Can AMP turn around its wealth protection business under the guidance of new CEO Craig Meller?



 
With the recent announcement and  appointment of new CEO Craig Meller, we look at the effects this may have on the technicals of AMP. Craig has been appointed to oversee the wealth management company, with his first task to improve the wealth protection and life insurance side of the business.
 
If you bought this stock roughly twelve months ago you would have been pretty pleased with its progress up until mid May of this year when it hit resistance levels from April 2011, and subsequently continued its downward slide all so familiar with long term holders. This was a strong buy in September of last year when we saw a pullback into an area of support, flipping previous resistance into support. This stock had been in an accumulation phase and in mid August we saw demand for this stock increase dramatically as price gapped up through the resistance on strong volume. The stock would run from the $4.30 area to $5.79 or an approximate increase of 35% in growth.
 

The up move was confirmed when the third leg failed to move with any force and we saw a shortening of the thrust. The resistance level from April 2011 was too strong and there was not enough demand to overcome the supply. The price has fallen strongly since then and the recent earnings news didn't help with several arms of the business struggling. We have seen a small rally as the price looks to close the gap after the gap down when the earnings report was issued. However the only way we will continue to move higher is if we see some consolidation and a cause built for higher prices at these levels followed by some strong demand.

The point and figure chart has been very useful in predicting levels the price may rise or fall too. If we look at the chart below, we were able to predict that price had enough cause built to reach to at least the $5.65 level. The stock was accumulated in May to August 2012 and when it broke out if we had of bought on the pullback to the $4.30 levels our target would have been the $5.65 region. Price had built enough cause to move $1.74 higher.

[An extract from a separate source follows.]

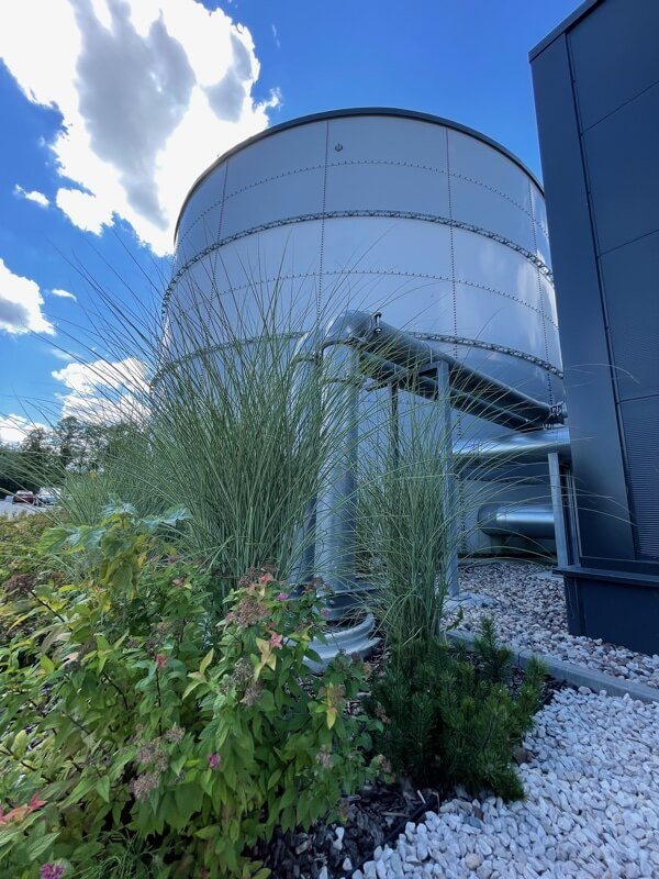 Det är möjligt att anpassa färgen på tanken till omgivande byggnader genom att pulverlackera tankens yta eller täcka tankskalet med trapetsformad plåt i vald RAL-färg.
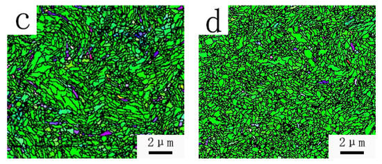 As is shown in Figure 5, when the diameter of the tungsten wire is 0.5 mm, the size of the grains has a significant change. Using different wire drawing processes, tungsten wires with different grains size were obtained. The average sizes of the grains shown in Figure 5a–d are σ = 0.1684 μm, σ = 0.0982 μm, σ = 0.1361 μm, σ = 0.1024 μm. It can be seen that the sizes of grains prepared by Process 2 and Process 4 are much finer than those by Process 1 and Process 3.

The point and figure calculation is worked out by multiplying the number of columns the base of the accumulation is by the reversal amount (box size of 2c times 3 which is the reversal amount to start a new column), therefore 29 x 0.06 = $1.74.
 

If we look at the current situation when the stock was distributed in Feb to June 2013, we have two counts to work off which gives us a price range we may see some value for this stock. If we use the conservative count of 18 columns we are looking at $4.02 and the larger target of $3.48 (27 columns). Price fell to $4.16 after earnings in June and we have rallied since then, if this is just a pullback, price may well fall to $4.02 and beyond with the longer term target of $3.48 a possibility and a overall fall of 26% from todays close ($4.74). This would then look like a valuable investment at these prices.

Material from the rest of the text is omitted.